There were no Christmas lights now. The roads all looked alike—trees and more trees. I was fully reliant on my phone’s map at this point, the cheerful female voice calling out left and right turns until I had absolutely no sense of where I was.
“Your destination is on the left,” the voice said with an air of digital finality, as I pulled up to a paved driveway with a mailbox set in a neat brick pillar with an arched top.
For the last fifteen minutes or so, I’d been silently mulling over the apparent disconnect between someone running a youth center for gang members in East St. Louis while living in a mansion in Ladue.
This, despite the fact that it was A) none of my business, and B) a reassuring sign that I wasn’t about to be kidnapped at gunpoint and sold into sexual slavery. Maybe I’d ask about the apparent contradiction at some point, if doing so didn’t feel too awkward—because as far as I knew, nothing in the area sold for less than a cool million.
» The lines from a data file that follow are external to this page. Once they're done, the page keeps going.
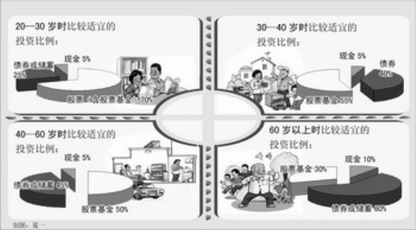 摩根士丹利华鑫基金公司副总经理秦红表示,一般随着年龄增长,投资者的风险承受能力会逐步降低,因此需调整激进型理财工具(如:股票基金)和稳健型理财工具(如:债券基金、超短债基金、货币市场基金)的投资比例。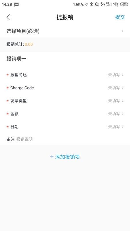 4、在报销页面,编辑消息的报销内容,实时提交报销信息
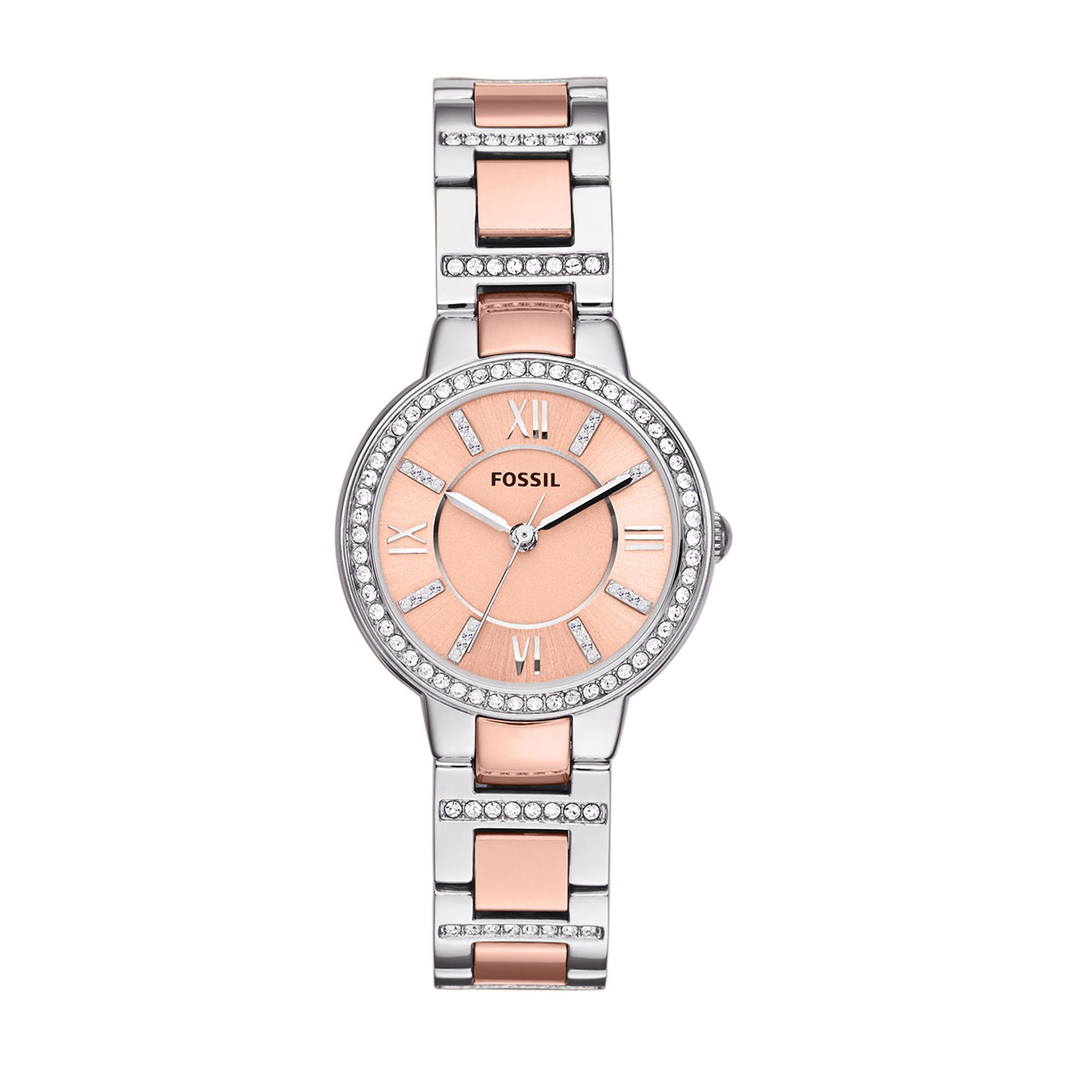 Mẫu đồng hồ ES3405 từ thương hiệu Fossil với thiết kế tôn lên vẻ thời trang của phái đẹp với thiết kế tinh xảo vỏ viền ngoài đính kèm các viên kim cương xung quanh, kết hợp cùng nền mặt số vàng hồng tông màu trẻ trung đầy sang trọng.

This house must have cost a lot more than that. It was huge, my headlights scrolling across a massive two-story Neo-Georgian facade as I negotiated the final turn in the driveway. I parked in the generous circle drive, pausing to take it all in as I wondered once again what the hell I was actually doing here.
Coach lamps illuminated the flagstone walk leading up to the entryway, which was brightly lit by two matching glass lantern-style porch lights. I wavered for a moment before deciding that the only thing stupider than driving all this way to hang out with someone I’d met for, like, fifteen minutes in a singles bar, would be to drive all this way, then turn around and drive back to my crappy house and my crappy husband in Jennings.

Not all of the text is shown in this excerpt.